Saturday, June 14, 2014

The best path


I told the doctor to think of me as a nun.  She was doing the usual new doctor-y speechless gaping when told I am not, have never been, and have no plans to be sexually active.  My humor broke the awkward silence and allowed her to laugh and stop gaping at me while trying to form a coherent thought.  I should have said I was a free-agent nun.  I'll try to remember that line for next time.
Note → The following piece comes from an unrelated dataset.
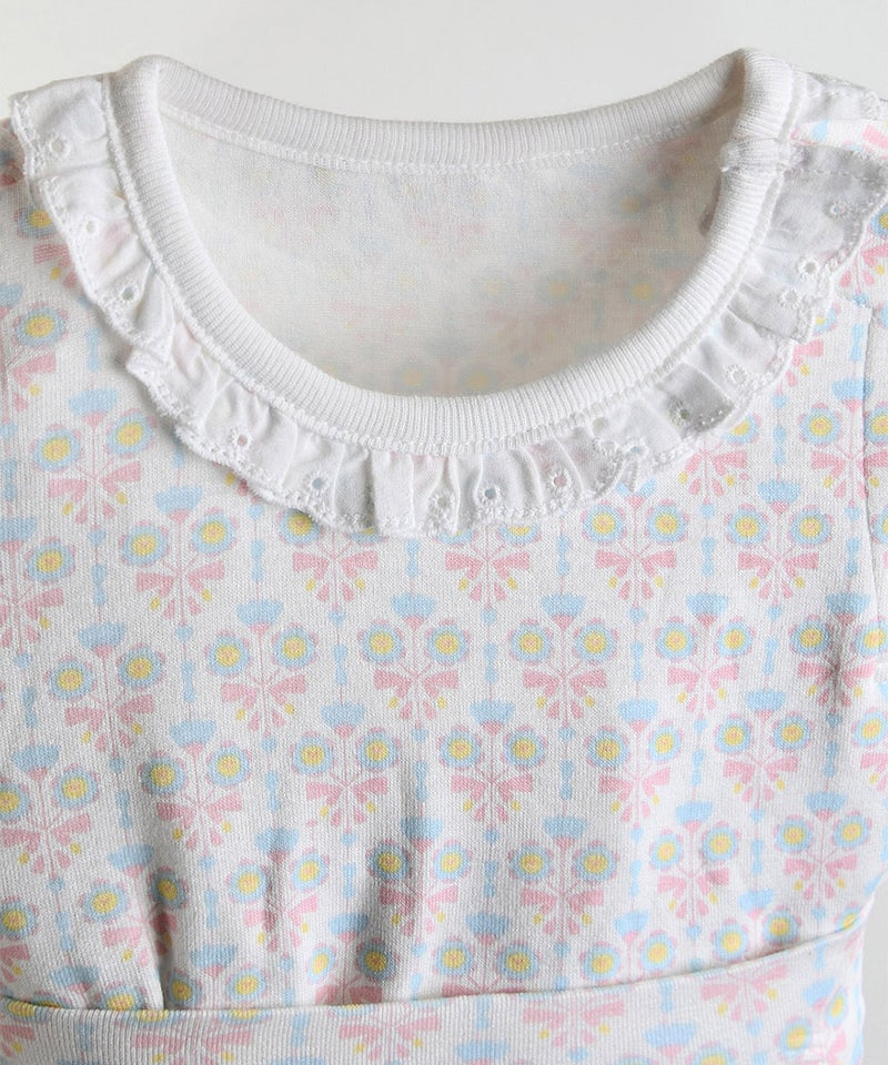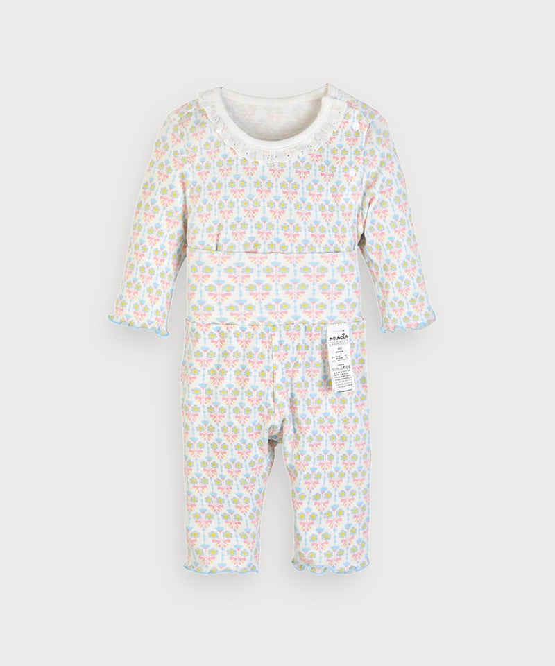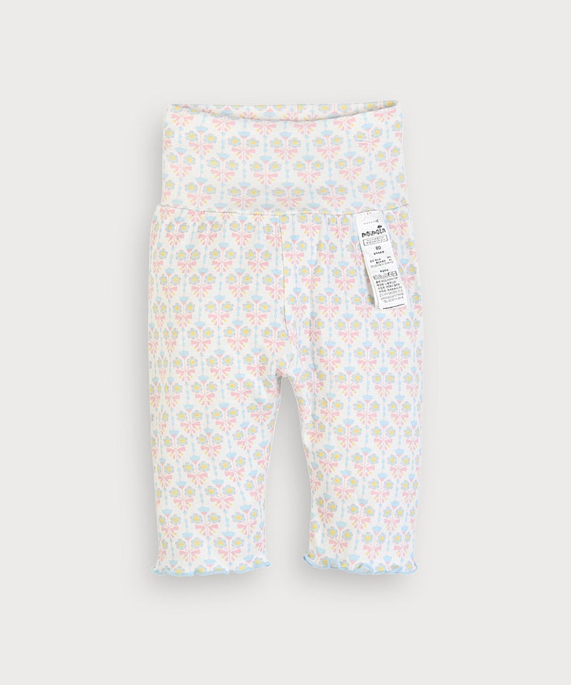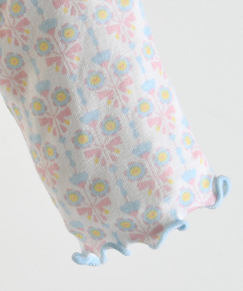 ピンクとブルーのパステルカラーの花プリントがかわいい七分袖トップスと腹巻パンツのセット。

I also said I was going to try to go off the thyroid med again.  I'm at half of the lowest dose, I have my eyebrows back, and I'm not losing copious amounts of hair right now.  I am ever-so-slightly less exhausted.  Part of me wants to stay on this ultra-low dose because it's working, but doctors keep telling me that if I do, soon my thyroid will get lazy (instead of just exhausted) and stop working altogether, and that's bad.  It's also, according to some doctors, probably not good to be taking the medication for a long time starting so young if I can avoid it.  But right now is not a good time to start losing hair and feeling even more tired.  I don't want to screw this up, but since I can't know what will happen this time I stop taking it, I can't know which choice will actually be more likely to screw things up.  Welcome to adulthood?
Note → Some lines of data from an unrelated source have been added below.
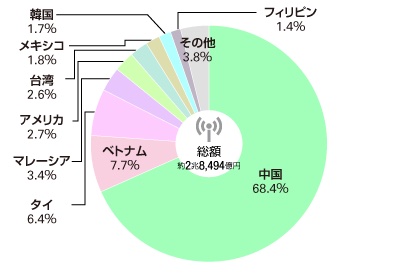 そのほか日本企業が海外に建てた工場でつくられた製品を逆輸入や、スマートフォンなどの通信機は中国、半導体等電子部品は台湾と電気機器も多く輸入しています。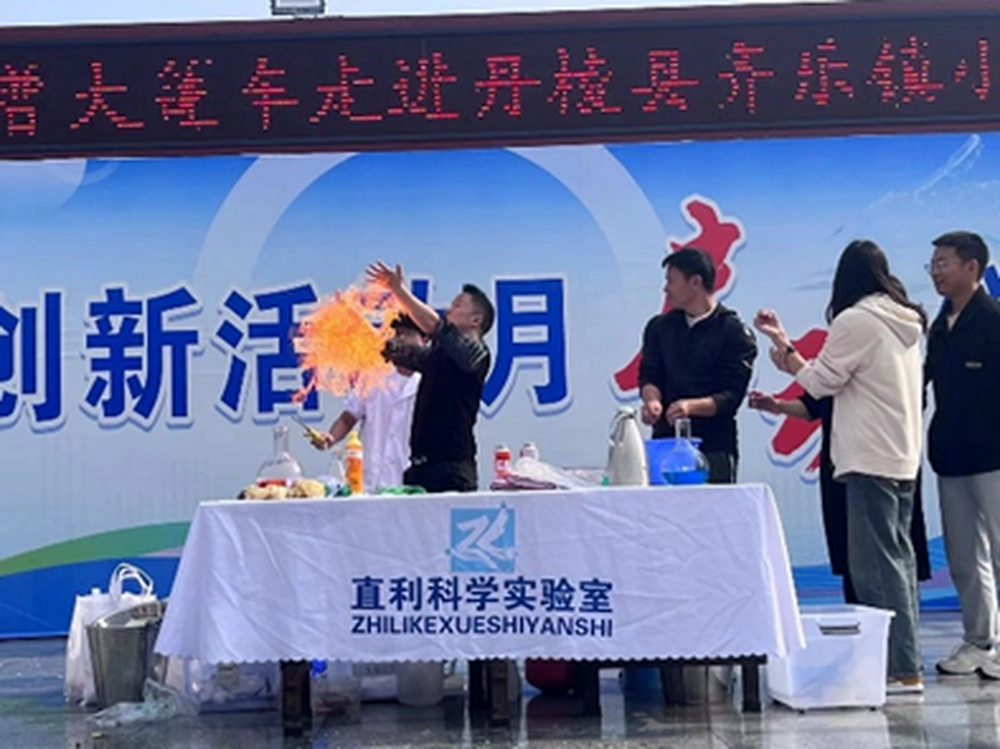 本次活动分为四个板块,分别为观看机器人表演、无人机表演和科学实验展示不同的科普展品。在科普志愿老师们的带领下,孩子们上台和机器人共舞,近距离感受科技的发展。在孩子们的欢呼声中,无人机列队缓缓升空,同时也带动了活动现场浓厚的气氛。第三个板块也是活动的高潮部分,科普志愿者老师们展示了“变大变小”、“火焰掌”、“冷热碰撞”等实验,将实验室的实验搬到学校里,让这场活动彻底沸腾起来。
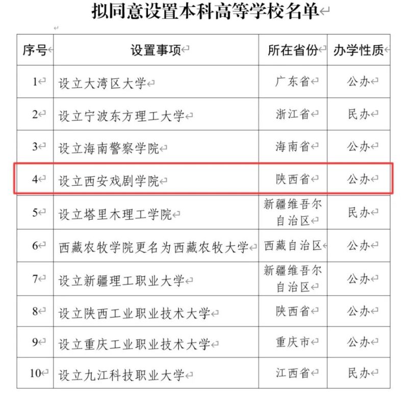6月11日,教育部官网发布关于拟同意设置本科高等学校的公示,备受社会关注的西安戏剧学院也在公示名单之列。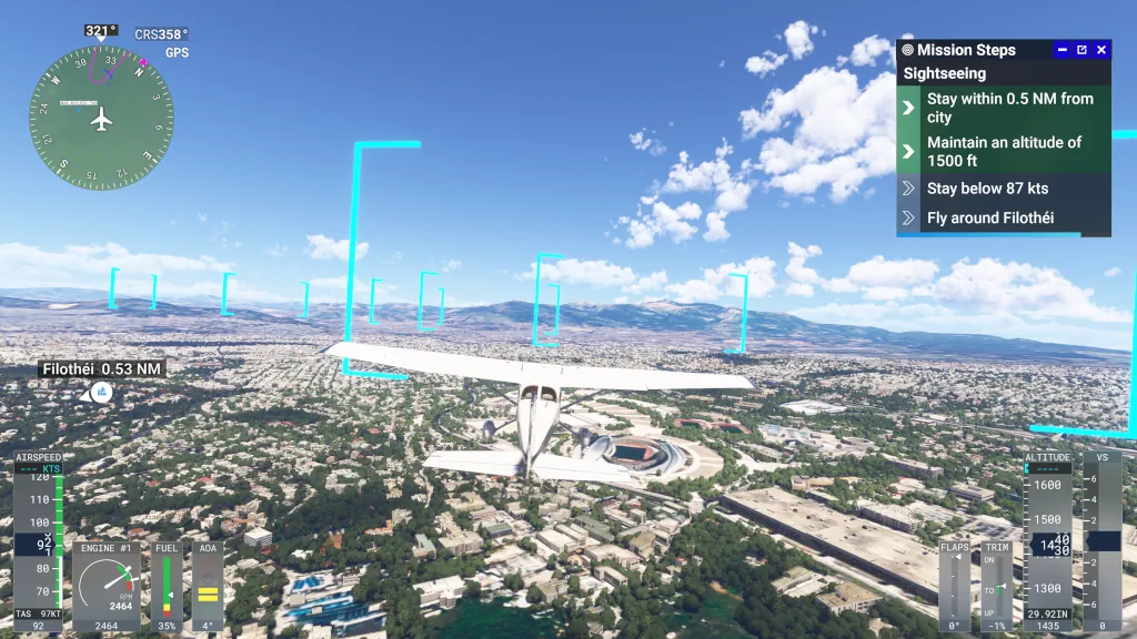 Προτού όμως προχωρήσω και αρχίσω να μιλάω για τη σχέση αγάπης-μίσους που έχω με αυτό το παιχνίδι, καλό είναι να ξεκαθαρίσω ορισμένα δεδομένα, καθώς υπάρχουν διάφορες μεταβλητές που μπορούν να αλλάξουν άρδην την εμπειρία. Το Microsoft Flight Simulator 2024 αντλεί δεδομένα από τους χάρτες Bing, και με την A.I. του Microsoft Azure δημιουργεί όσο πιο ρεαλιστικές 3D αναπαραστάσεις της Γης μπορεί. Με τη βοήθεια του cloud computing πραγματοποιείται το render των γραφικών, ενώ λαμβάνει τα δεδομένα του καιρού σε πραγματικό χρόνο απεικονίζοντάς τα μέσα στο game. Για να συμβούν όλα τα παραπάνω σωστά και το παιχνίδι να τρέχει κανονικά απαιτείται μία καλή σύνδεση στο Ίντερνετ, διαφορετικά τα frame drops, τα pop in και τα συχνά κολλήματα θα είναι μέρη της εμπειρίας σας. Επιπλέον, ο τρόπος που παίζει κάποιος το game μπορεί να φέρει μεγάλες διαφορές, καθώς οι διάφοροι περίπλοκοι μηχανισμοί δεν εξυπηρετούνται εύκολα. Έχοντας τα παραπάνω υπόψιν, να αναφέρω πως εγώ έπαιξα το παιχνίδι στο Xbox Series X, αποκλειστικά με χρήση κανονικού χειριστηρίου και έχοντας σύνδεση που αγγίζει τα 300mbps.

Since I've been tapering off the medication, I've been silently cheering my thryoid on.  "You can do it!" I tell it mentally.  "Go, thyroid, go!"  Now that it's had crutches for a little while, surely it can walk on its own.  Probably.  Maybe.  Eventually?  I think of it like the little thyroid that could, but in real life (outside of children's storybooks), sometimes the little train that thinks it can just can't.  Do I want the symptoms to return right in the middle of the stress of moving?  Can I trust my malfunctioning body to get this one thing right despite everything?  And if I do trust it, what if that trust is betrayed at the worst possible time?  But if I stay on the medication just until the moving is done (probably some time in August), what if that pushes me past the point of no-return, and, frustrated by my lack of trust, my thyroid locks itself up in its attic room and refuses to come out ever again?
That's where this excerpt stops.